The other night, I heard a story on the radio of a woman some years ago who had given birth to her second son. One morning she confirmed a fear that she had, that something was wrong, as she took the child out into the bright sun light and those infant eyes didn’t blink or change at all. She realized her son was blind. They then discovered some other physical ailments. And the mother was devastated... she was solely focused on all the things that would make the child "different" or in her mind, "less than" every one else. The older son, retelling the story, said "then one day she walked into Notre Dame Cathedral in Paris France with the infant in her arms and as she prayed the ‘Our Father’ and got to the words ‘thy will be done’ - she described it as the first time that she actually prayed those words and meant it. And the change in her heart was almost instant. It was as if the fears left and this peace came over her as she stopped looking at his deficiencies and saw this child as a pure gift, a pure joy and simply loved her child."
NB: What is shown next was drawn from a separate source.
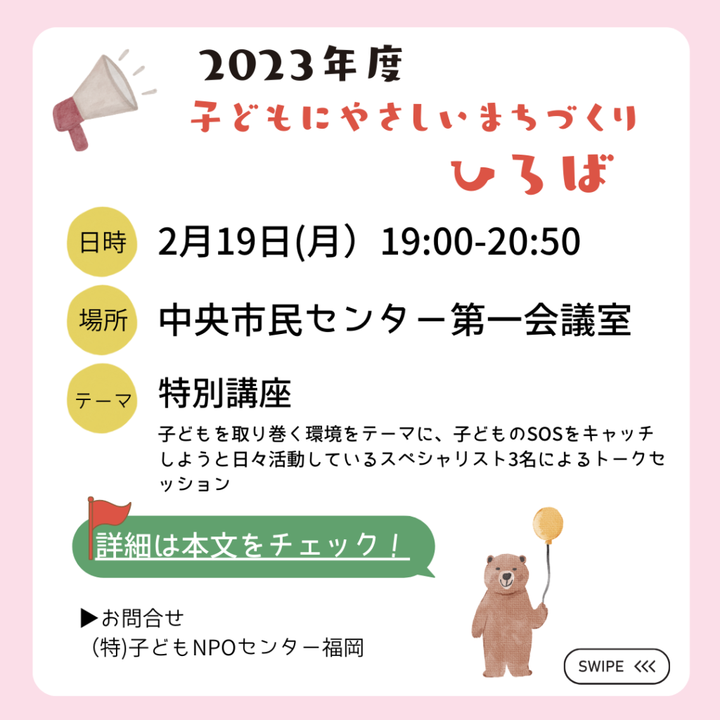 【(特)子どもNPOセンター福岡】第5回こまちひろば 特別講座 ~トークセッション~(中央市民センター)

When she was able to go past her disappointment and trust God again, no her son wasn’t miraculously healed and able to see... but there was a miracle that was even more important for an even more important bodily organ – her heart was healed.

It would be hard to imagine anyone not sitting here today who doesn’t have some trials, fears, or sadness they’re dealing with. Suffering doesn’t seem to bypass any of us, it’s usually a matter of to what extent or degree. And the hurts we’ve suffered, the trusts that have been violated make us cynical or skeptical. To open ourselves up can make us vulnerable... and as adults we don’t really like to do that.

Jesus isn’t being pollyannaish here. Jesus knows true suffering... another reason that we always have a crucifix before us to remind us of that reality that he endured. And as we look at that crucifix, we are captivated by the trust that he had throughout his life and death in His Father. The rest of the story finds us here today - that trust didn’t stop Good Friday, but brought about Easter Sunday - and continues to make Jesus really present in His word and in His Body and Blood in the Eucharist here today. He’s making himself vulnerable to us, inviting us to receive Him, to trust Him, to come to Him - finding when we do, the peace that we long for. Suddenly, becoming a child, becoming like a "little one" doesn’t seem so demeaning.